От этих похвал Витя совсем побагровел, даже оттопыренные уши его вспыхнули.
Генька стоял возле стеллажа и, насупившись, думал: «Ай да Витька! Котелок у него варит. И как это я не сообразил?»
— Так вот, — оживленно продолжал архивариус. — Если согласиться с вами, молодой человек, то М. Р. в момент гибели было не больше тридцати — сорока лет. Отсюда следует, что в институте он учился в конце восьмидесятых или в девяностых годах. Что ж, посмотрим!

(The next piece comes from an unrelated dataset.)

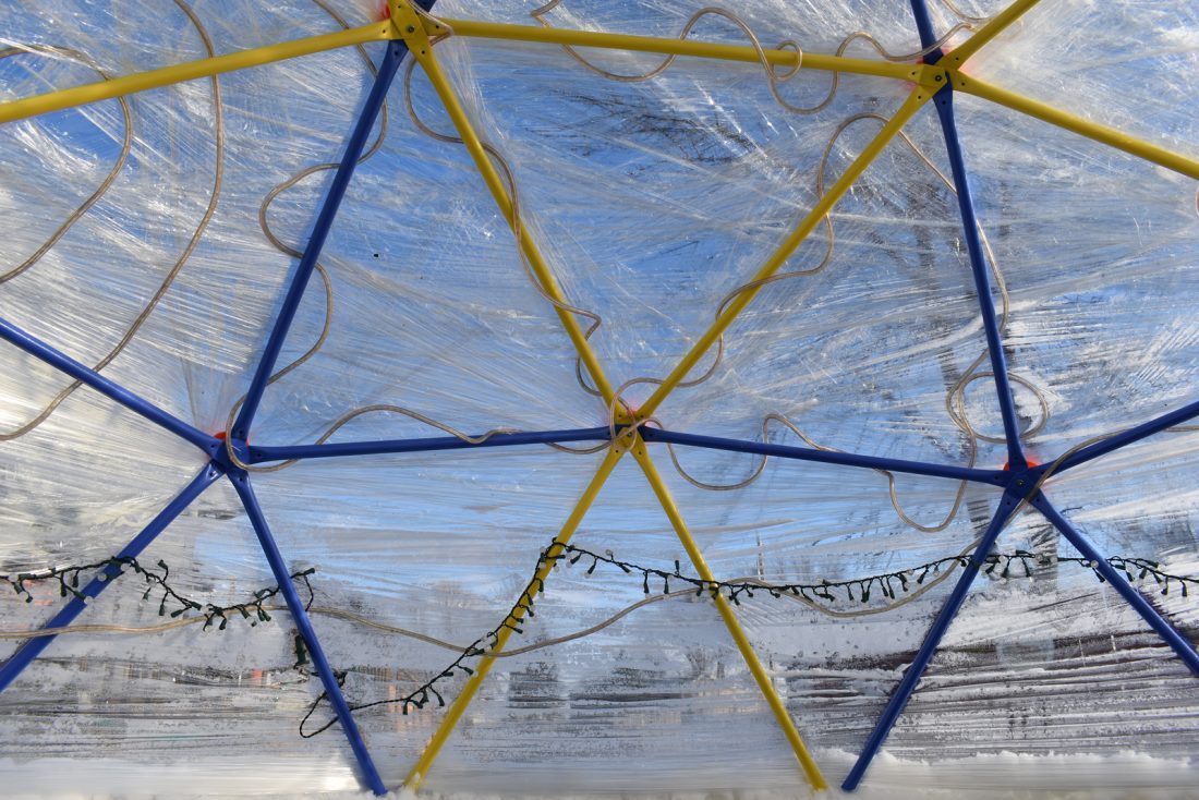 It features a 10-foot jungle gym for the dome. He used shrink wrap around the top to keep it enclosed.

Леонид Константинович, торопливо кивнув Никите, спешившему на занятия, устремился к стеллажам.
Почти не глядя, он стал снимать с полок и складывать на небольшую тележку широкие книги в одинаковых переплетах из толстого картона. Сняв десятка полтора книг, он подкатил тележку к ребятам, и те увидели, что на книжных корешках ровным, аккуратным почерком написано: «Прием 1885 года», «Прием 1886 года», «Прием 1887 года»… А когда Леонид Константинович раскрыл один из томов, внутри оказались однообразно разграфленные страницы, заполненные тем же ровным, аккуратным почерком.
— Вот это писал! — не скрывая восхищения, воскликнул Генька. — Почище пишущей машинки! А еще говорят, в архивах ничего не понять. Да тут и первоклассник разберется.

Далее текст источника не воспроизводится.